### WHAT THIS TASK INVOLVES
Write out every line of the material as it stands, apart from the pictures.

### GIVEN DATA
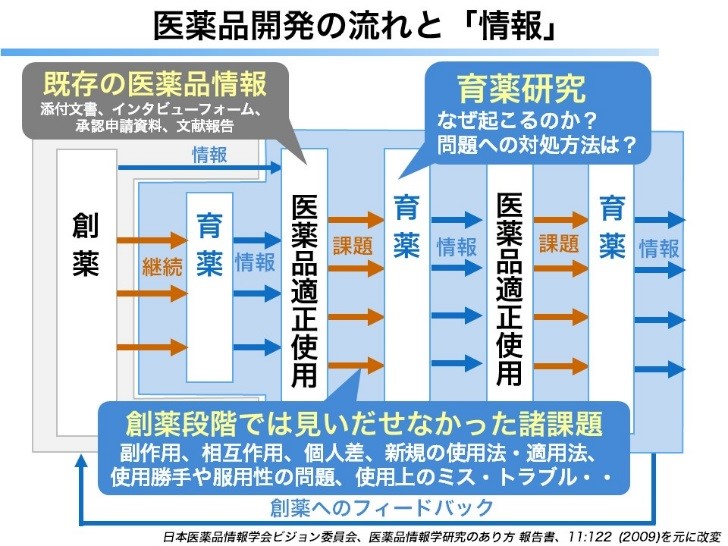 医薬品は、製造販売承認を受けた時点での情報は十分ではありません。したがって、市販後に見出されるさまざまな課題(医薬品の有効性・安全性情報、インシデント・アクシデント事例、ニーズ等)を育薬研究により解決し、得られた新しい情報を付加してより正しく安全に医薬品を使っていくこと、それらの情報を創薬にフィードバックすることが重要です(図1:医薬品開発の流れと「情報」)。このサイクルをしっかりまわすことが、医療現場においても、そして医薬品にとっても望ましい姿であると考えられます。
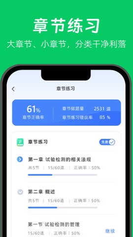 2、章节练习、历年真题、随机练习等做题模块一应俱全,用户可以根据自己的需求选择相应的模块进行练习。
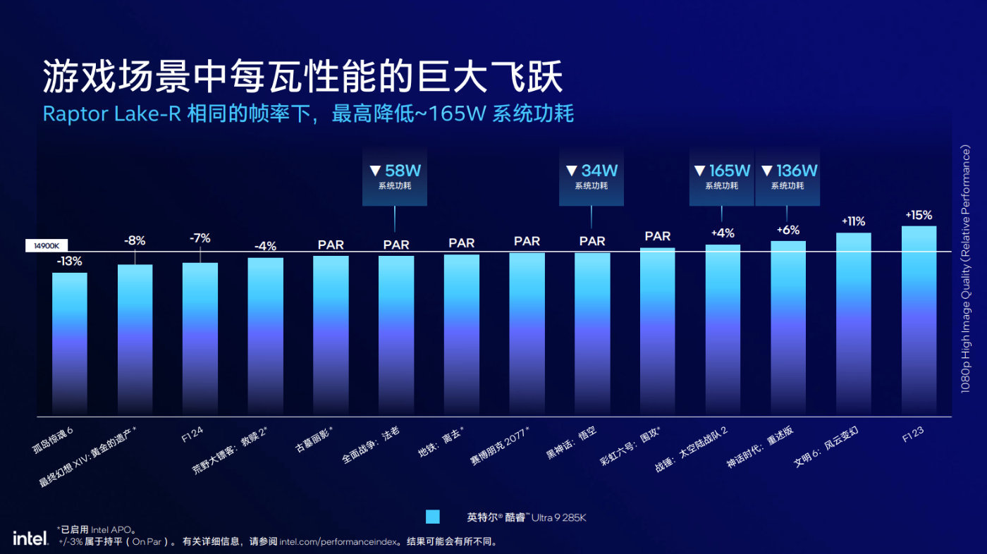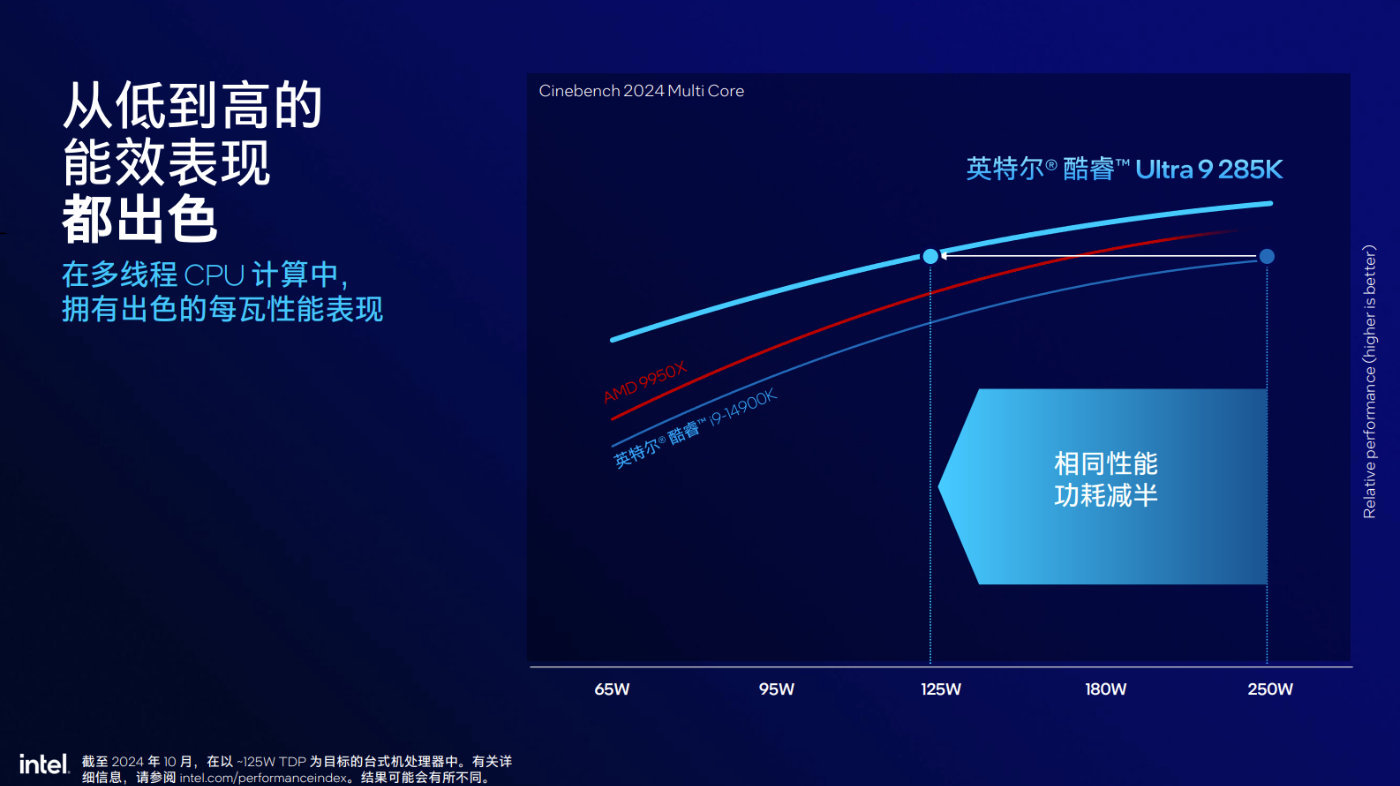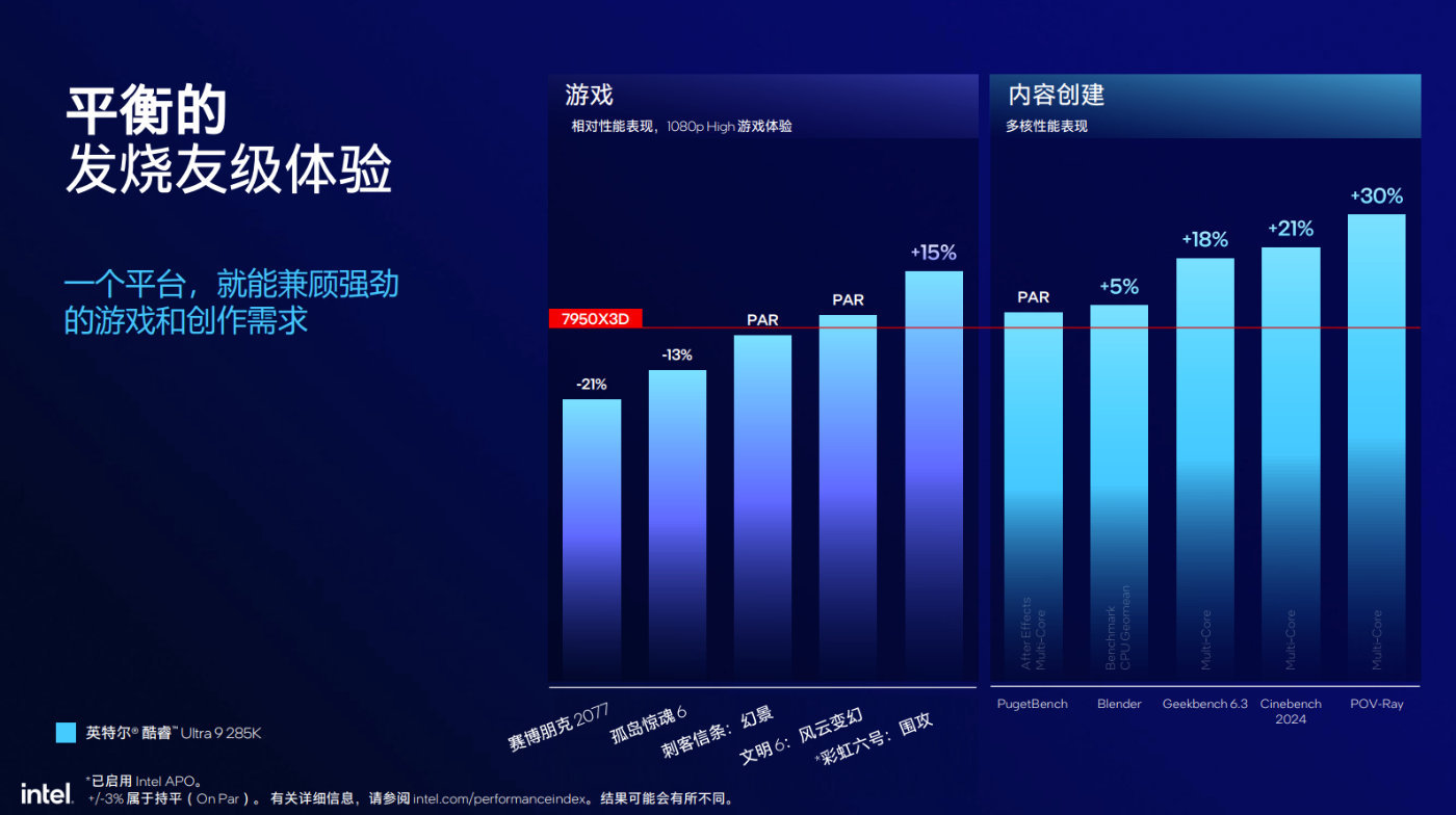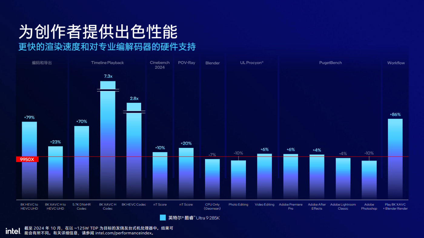 如果與AMD Ryzen 9 9950X競品做比較,酷睿Ultra 9 285K遊戲性能想到相當。在一些注重緩存性能場景中,酷睿Ultra 9 285K可以做到5%到7%的提升,而如果是多線程性能表現,酷睿Ultra 9 285K更勝一籌。

### RESPONSE AREA
 医薬品は、製造販売承認を受けた時点での情報は十分ではありません。したがって、市販後に見出されるさまざまな課題(医薬品の有効性・安全性情報、インシデント・アクシデント事例、ニーズ等)を育薬研究により解決し、得られた新しい情報を付加してより正しく安全に医薬品を使っていくこと、それらの情報を創薬にフィードバックすることが重要です(図1:医薬品開発の流れと「情報」)。このサイクルをしっかりまわすことが、医療現場においても、そして医薬品にとっても望ましい姿であると考えられます。
 2、章节练习、历年真题、随机练习等做题模块一应俱全,用户可以根据自己的需求选择相应的模块进行练习。
 如果與AMD Ryzen 9 9950X競品做比較,酷睿Ultra 9 285K遊戲性能想到相當。在一些注重緩存性能場景中,酷睿Ultra 9 285K可以做到5%到7%的提升,而如果是多線程性能表現,酷睿Ultra 9 285K更勝一籌。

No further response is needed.